Records from a data collection:
***
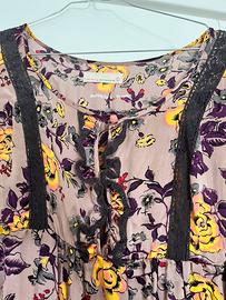 Vendo delizioso abitino Odd Molly originale, caratterizzato da una splendida stampa floreale su base color rosa antico/tortora. Un capo ricco di dettagli, perfetto per chi ama lo stile gipsy e ricercato. • Maniche a 3/4 con polsino a volant. • Punto vita segnato da un elastico morbido e nastri in gros-grain nero da annodare lateralmente o dietro. • Orlo interno rifinito con una contrastante fantasia etnica sui toni dell’arancio. • Taglia 38-40 • Condizioni: come nuovo. • Stile: Può essere indossato come mini-abito o sopra dei jeans skinny o leggings.
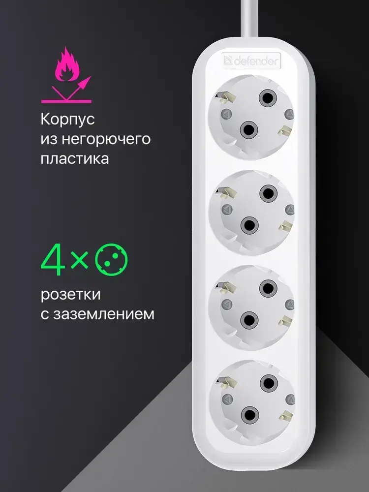 DEFENDER Удлинитель сетевой 2м, 4 розетки с заземлением, 16А
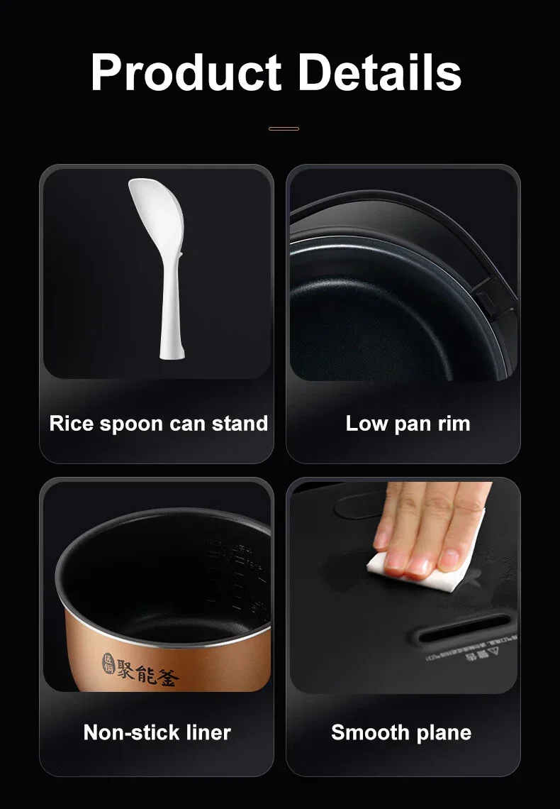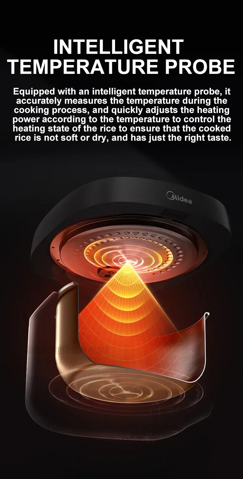 ●Equipped with an intelligent temperature probe, it accurately measures the temperature during the cooking process, and quickly adjusts the heating power according to the temperature to control the heating state of the rice to make it taste better.
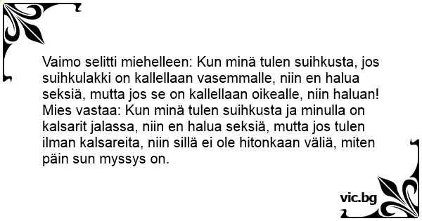 Mies vastaa: Kun minä tulen suihkusta ja minulla on kalsarit jalassa, niin en halua seksiä, mutta jos tulen ilman kalsareita, niin sillä ei ole hitonkaan väliä, miten päin sun myssys on.
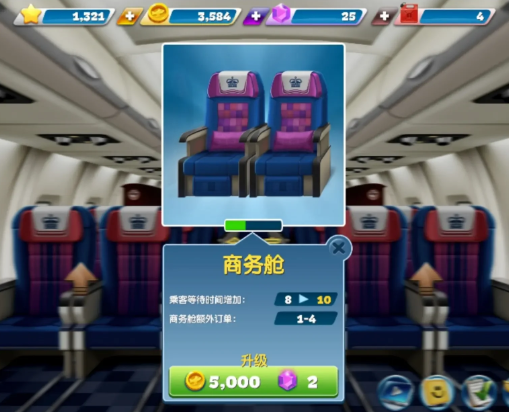 玩家们需要通关【丹佛】和【纽约】菜可以解锁到【伦敦】,而这次的难度已经发生了实质性的变化,玩家们在这一关必须要小心应对,同时对于飞机上的器械和厨具都是需要有策略性的进行升级。经过前几个地图的积攒,玩家们手上的金币应该都比较充足吧,推荐玩家们优先把客舱作为升级到【商务舱】可以让乘客等待的时间从8秒变成9秒,而且可以额外获得1到4份订单,需要花费五千金币和两个紫宝石。
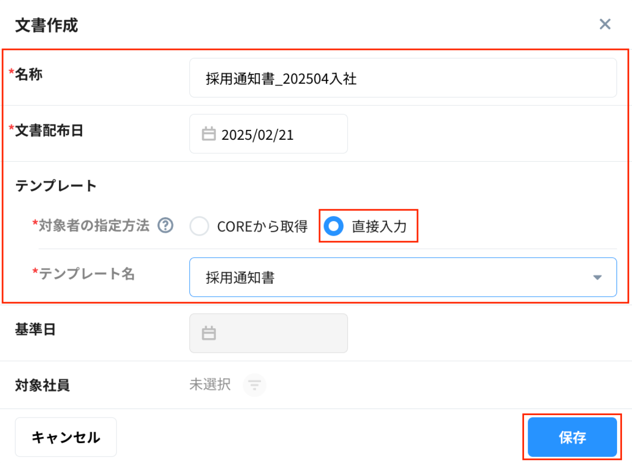 対象者の設定方法で「直接入力」を選択の上、その他の情報も入力し、保存ボタンをクリックします
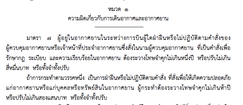 ก่อนจะคุยต่อ อยากให้ท่านคลิกไปอ่าน พระราชบัญญัติว่าด้วยความผิดบางประการต่อการเดินอากาศ พ.ศ. ๒๕๕๘ ก่อน หรือจะเซฟเก็บไว้เป็นคู่มือการเดินทางด้วยเครื่องบินก็ได้ คือการเดินทางด้วยเครื่องบินนี่มันต่างจากการใช้บริการรถโดยสารประจำทาง หรือ รถไฟ นะครับ เริ่มตั้งแต่การเช็กอินซึ่งมีรายละเอียดความปลอดภัยกำกับมากมาย มีนานาข้อห้าม เพื่อความปลอดภัยทั้งต่อตนเองและผู้โดยสารอื่นๆ อย่าลืมว่า “ถ้าขาเราพ้นจากพื้นดินแล้ว อะไรๆ ก็อันตรายทั้งนั้น ต้องปลอดภัยไว้ก่อน” ต้องเชื่อฟังเจ้าหน้าที่ประจำอากาศยาน (แอร์โฮสเทสและสจ๊วต) ผู้ควบคุมอากาศยาน (กัปตันและผู้ช่วยนักบิน) เพื่อความปลอดภัย
***
**What the exercise asks**: Each record above must be retyped exactly as given, with the images excluded.

**Answer to the exercise**:
 Vendo delizioso abitino Odd Molly originale, caratterizzato da una splendida stampa floreale su base color rosa antico/tortora. Un capo ricco di dettagli, perfetto per chi ama lo stile gipsy e ricercato. • Maniche a 3/4 con polsino a volant. • Punto vita segnato da un elastico morbido e nastri in gros-grain nero da annodare lateralmente o dietro. • Orlo interno rifinito con una contrastante fantasia etnica sui toni dell’arancio. • Taglia 38-40 • Condizioni: come nuovo. • Stile: Può essere indossato come mini-abito o sopra dei jeans skinny o leggings.
 DEFENDER Удлинитель сетевой 2м, 4 розетки с заземлением, 16А
 ●Equipped with an intelligent temperature probe, it accurately measures the temperature during the cooking process, and quickly adjusts the heating power according to the temperature to control the heating state of the rice to make it taste better.
 Mies vastaa: Kun minä tulen suihkusta ja minulla on kalsarit jalassa, niin en halua seksiä, mutta jos tulen ilman kalsareita, niin sillä ei ole hitonkaan väliä, miten päin sun myssys on.
 玩家们需要通关【丹佛】和【纽约】菜可以解锁到【伦敦】,而这次的难度已经发生了实质性的变化,玩家们在这一关必须要小心应对,同时对于飞机上的器械和厨具都是需要有策略性的进行升级。经过前几个地图的积攒,玩家们手上的金币应该都比较充足吧,推荐玩家们优先把客舱作为升级到【商务舱】可以让乘客等待的时间从8秒变成9秒,而且可以额外获得1到4份订单,需要花费五千金币和两个紫宝石。
 対象者の設定方法で「直接入力」を選択の上、その他の情報も入力し、保存ボタンをクリックします
 ก่อนจะคุยต่อ อยากให้ท่านคลิกไปอ่าน พระราชบัญญัติว่าด้วยความผิดบางประการต่อการเดินอากาศ พ.ศ. ๒๕๕๘ ก่อน หรือจะเซฟเก็บไว้เป็นคู่มือการเดินทางด้วยเครื่องบินก็ได้ คือการเดินทางด้วยเครื่องบินนี่มันต่างจากการใช้บริการรถโดยสารประจำทาง หรือ รถไฟ นะครับ เริ่มตั้งแต่การเช็กอินซึ่งมีรายละเอียดความปลอดภัยกำกับมากมาย มีนานาข้อห้าม เพื่อความปลอดภัยทั้งต่อตนเองและผู้โดยสารอื่นๆ อย่าลืมว่า “ถ้าขาเราพ้นจากพื้นดินแล้ว อะไรๆ ก็อันตรายทั้งนั้น ต้องปลอดภัยไว้ก่อน” ต้องเชื่อฟังเจ้าหน้าที่ประจำอากาศยาน (แอร์โฮสเทสและสจ๊วต) ผู้ควบคุมอากาศยาน (กัปตันและผู้ช่วยนักบิน) เพื่อความปลอดภัย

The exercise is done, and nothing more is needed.